Cross border e-commerce seems on the rise and last week Sears announced the following on their website:

— NEW International Shipping – Customers can conveniently ship to 90 countries around the globe. Prices will be displayed in the currency of the customer’s choice. International shipping fees, customs duties, and taxes are automatically added and processed at checkout, eliminating the need for the customer to pay additional fees upon delivery. To learn more about international shipping, including the most up-to-date list of available countries, visit

The international shopper has two big advantages when using Sears International.

  1. There is only one bill to pay. It includes shipping, customs, and taxes. It’s a one stop shop
  2. The shopper will be notified if trying to order an item which is restricted for import

From Sears International FAQ:

Are there any items that cannot ship to my country because they are restricted?
If for some reason, there are any items that cannot be exported from the U.S. and/or imported into your destination country selection, our partner FiftyOne will notify you during the FiftyOne Global Checkout process.

Postal Sanity was intrigued to look at this new offering and thus visited First we set the destination country to Germany and then navigated to the Sears Electronics & Computer department. Europeans love electronic gadgets and know that these are fairly cheap in the USA. But all electronic items we saw, were marked with “Not available for International Shipping”.  We did find the following statement:

Disclaimer Not all products can be shipped internationally at this time, but we’re working on expanding our selection. All electronics and media have been built to U.S. specifications and formats, so they may not be compatible in all countries. If sale prices or discounts apply, they will be calculated in your selected currency. Note: APO/FPO customers should proceed as U.S. customers and in US currency.

Fair enough. Being savvy and persistent shoppers and not easily deterred, we redirected our browser to the Sears clothing department, looking for Levis, Nike and the like. These clothing items cost two to four times more in in Germany, than in the US. But again we had no luck with any desired item. All were  “Not available for International Shipping”.  Frustration started to creep in after 20 minutes of browsing  and we wondered how many shoppers would have matched our patience. Yet we continued, and the jewelry section finally awarded us with the option to buy pendants. Alright!  Never mind that we didn’t want any.

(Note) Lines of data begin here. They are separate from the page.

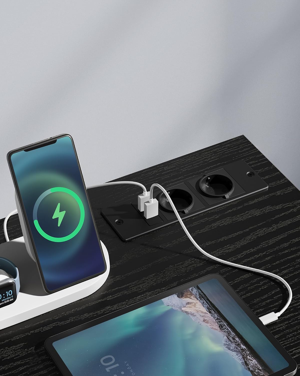 Cu 2 prize AC si 2 porturi USB integrate, poti alimenta rapid laptopul, telefonul, monitorul sau alte accesorii, fara prelungitoare incomode. Banda LED inclusa ofera un plus de stil si atmosfera, avand 20 de culori, 6 moduri de iluminare, 5 niveluri de luminozitate si 5 frecvente de clipire. Astfel, acest birou cu LED este perfect pentru un spatiu modern, functional si placut vizual.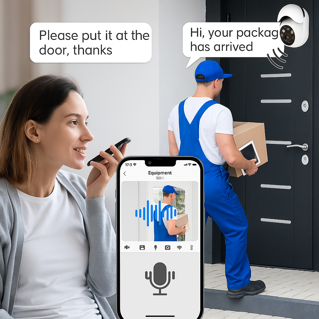 Yes. It includes a built-in microphone and speaker for real-time two-way communication.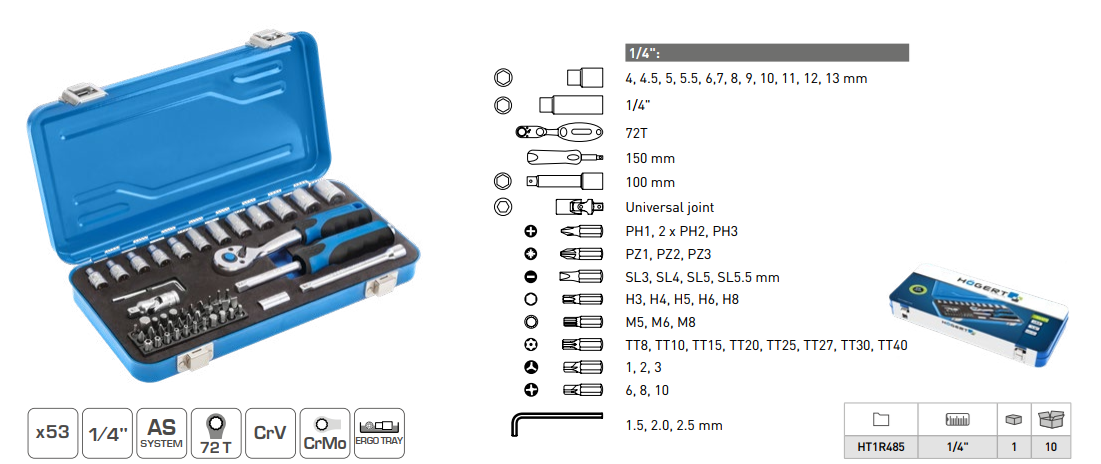 طقم طرطيقة وبكسات 1/4" 53 قطعة

We understand that this service just started up and would expect that the Sears website will improve quickly. A good start would be to only display eligible items, making for a much less frustrating browsing experience. Sears is using the FiftyOne Global Ecommerce solution. Other merchants using FiftyOne are Nordstrom and

More possibilities for Europeans to shop internationally
DHL partnered up with BorderLinx, to provide international shipping addresses in the USA/UK to German consumers. The consumer has the choice to consolidate orders from multiple merchants as one international shipment, which saves on freight cost. Custom duties and taxes have to be paid separately at BorderLinx. There is a cost calculator to calculate the grand total before placing an order. This is less convenient than the Sears one-stop-shop approach, but gives the consumer more choice. Black Friday bargains were mentioned on the DHL website as well as the weak dollar, which makes shopping in the US an attractive choice.

Somebody asked us: “How does BorderLinx tackle the issue of purchase and importation of prohibited goods in each country”? So curiosity got the better part of us and we went to work. A short online-chat with BorderLinx yielded the following result:

There is a list of prohibited goods for each destination country. It is the user’s responsibility to make sure no prohibited items are ordered. In case of ordering an ineligible item, the user is responsible for shipping/return-shipping charges to/from BorderLinx from/to online merchant. The user can order from any US based merchant, even if they are not listed on BorderLinx website as a merchant partner. In that case the user is advised to ask the merchant if they do ship to BorderLinx. Most merchants do, some may not.

We quote from the BorderLinx website:

For complete listings of prohibited and restricted items please check with the Border Control authority for your country. Have a look at the World Customs Organisation web site to find your local customs office
The import of certain cellular phones may be controlled or prohibited in particular countries. Whilst this often does not apply to the more common phones, you may wish to check with your Border Control authority.
If you do order prohibited goods, we will make every effort to advise you that we have received them and that we will not be able to ship them. It is then your responsibility to arrange a return or alternative US delivery address.

As long as the shopper sticks to “non-critical” items, customs should not be a problem. For “critical” items, Postal Sanity suggests that the shoppers consult via e-mail with the customs authority of their country before ordering. If problems arise with the item clearing customs, then an e-mail track record may come in handy.